Guided workouts were the most unique feature of the Microsoft Band when it launched last year, though limited options meant it had little usability for anyone other than fitness beginners. Microsoft hopes to fix that with its new custom workouts, though significant drawbacks prevent the feature from reaching its potential.
Custom workouts allow users to create training regimens in the Microsoft Health online dashboard before syncing them to the Microsoft Band from the associated mobile app. With plethora of preset exercises, users can create workouts for weight lifting, running and biking, or any combination of the three. Various options can be set for each exercise, such as a specific distance for a run or an amount of reps for weight lifting.
Creating workouts in Microsoft Health is mostly pleasant – the problem is what the Band does with those workouts.
When creating a custom weight workout, I only ran into one notable flaw: the lack of a combined sets option. Combined sets are fairly common in weight lifting, with supersets – doing one lift immediately followed by a different type of lift to complete a single set – likely being the most common. There"s no way to note that when creating a custom workout; instead, you"re stuck listing one exercise at a time. I got around this problem by listing each combined as a circuit, but that can make following your workout somewhat confusing.
The creation process is relatively easy once you get the hang of it; the real problems arise when you use them on your Band.

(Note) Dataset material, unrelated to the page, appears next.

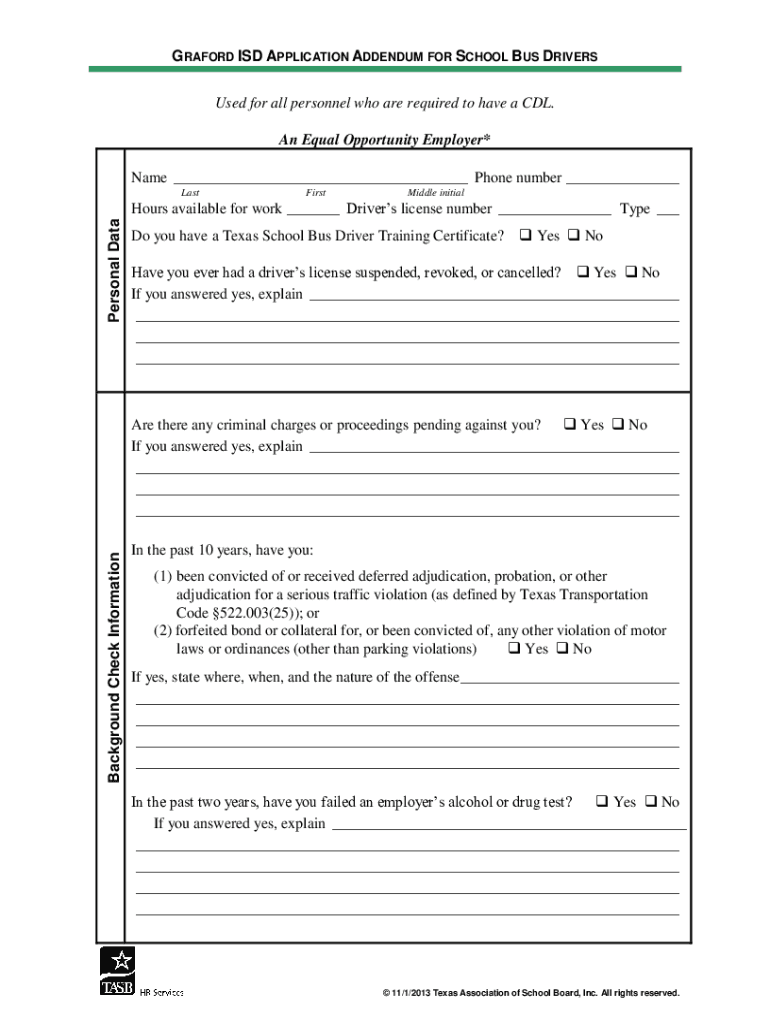 BRADFORD ISD APPLICATION ADDENDUM FOR SCHOOL BUS DRIVERS Used for all personnel who are required to have a CDL. An Equal Opportunity Employer* Name ___ Phone number ___ LastFirstMiddle intrapersonal

While the process of creating a custom workout is appreciatively complex, actually using the workout on your Band is extremely simple – too simple, in fact. To start a workout, you double tap the action button and then tap it again to advance through your exercises. Regardless of the type of workout you’re doing, however, the same display exists for each exercise, showing the exercise name and duration (in terms of distance or reps) as well as your total elapsed workout time and current heart rate. This is a significant problem for running or biking workouts, where having the distance tracked and individual exercises timed are vital in the overwhelming majority of scenarios.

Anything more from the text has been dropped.